Уперев мясистые кулаки в пухлые бока, Пинки устремил на нее испепеляющий взгляд.

— Да, предлагала! Ну и что из этого?

— И что же ты? — хладнокровно допрашивала Бонни.

— Ничего! Я в постели сделок не заключаю.

Благосклонно улыбнувшись, Бонни снова расслабилась в кресле.

— Что же ты в ней, интересно, делаешь?

Застонав от отчаяния, Пинки повернулся к Кари.

— В общем, твое рабочее место — за тобой.

— Спасибо, Пинки, но мне отпуск не нужен. Постараюсь выйти, как только перееду отсюда на новое место. Томас бы меня понял, — добавила она тихо, опустив голову. Ее палец скользил по краю бокала.

Многозначительно взглянув на Пинки, Бонни встала.

— Мы, пожалуй, пойдем, Кари. Если, конечно, больше тебе сегодня не нужны. Ты только скажи…

Кари тоже встала.

— Нет-нет, спасибо вам обоим. Со мной все будет в порядке. Мне и в самом деле хочется побыть одной.

В прихожей Пинки взял ее за руку.

— Выходи на работу когда сочтешь нужным. Будем рады видеть тебя в любой день. Об одном прошу — пощади себя. Твои жертвы никому не нужны.

— О каких жертвах ты говоришь? С моей стороны их нет и в помине.

— Ну и характер! Вот что мне по-настоящему в тебе нравится.

Кари ласково улыбнулась ему. Даже в темном костюме и строгом галстуке он выглядел помятым и взъерошенным.

— А про ноги забыл? — лукаво напомнила она.

Чмокнув ее в щеку, Пинки смущенно отвернулся. Бонни уже стояла рядом с машиной в ожидании, когда он откроет перед ней дверцу.

— Чего стоишь? — буркнул ей Пинки. — Садись.

Он втиснулся за руль, и Бонни не оставалось ничего иного, как открыть дверцу самой. Сев справа от водителя, она хлопнула дверью так, чтобы он почувствовал ее недовольство. Машина тронулась с места.

На губах Кари появилась слабая улыбка, но быстро исчезла, стоило молодой вдове остаться наедине с пустотой этого огромного дома, пустотой своей теперешней жизни.
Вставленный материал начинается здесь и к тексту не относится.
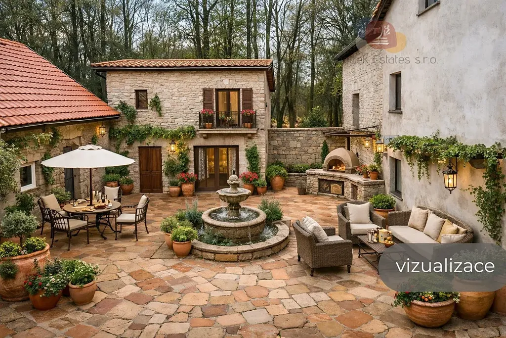 Představte si: Ranní káva na nádvoří, které vypadá jako vystřižené z italského filmu. Šumění potoka místo ranních zpráv. A místo nudného souseda elektrické vedení, které vám aspoň připomíná, že jste stále v civilizaci.

Ледяное пиво обжигало горло. Оно было таким холодным, что невозможно было даже почувствовать его вкус. Он поставил открытую банку на стол и устало опустился в свое любимое кресло, которое было словно специально сконструировано для его спины. Усталость начала понемногу уходить из позвоночника. Приставив ладонь козырьком ко лбу, он уставился в телевизор. Звук был выключен — комментарий к этому сюжету из выпуска теленовостей зритель знал уже наизусть. А вот картинкой он был по-прежнему заинтригован.

Должно быть, он один не присутствовал на этих похоронах. Первая пресвитерианская церковь была набита до отказа — там давно уже негде было яблоку упасть, а народ все прибывал, постепенно заполняя церковный двор. Почти все присутствующие сочли своим долгом присоединиться к длинной похоронной процессии, которая проследовала из церкви на кладбище. Все телестанции Денвера в подробностях освещали пышную погребальную церемонию.

Томас Уинн, предприниматель, специализировавшийся на сделках с недвижимостью, и одновременно один из «отцов города», пользовался всеобщим уважением. Жена у него была красивая и умная, телезвезда вдобавок. Вдвоем они олицетворяли американскую мечту. Но, к сожалению, всему приходит конец. Мечте тоже.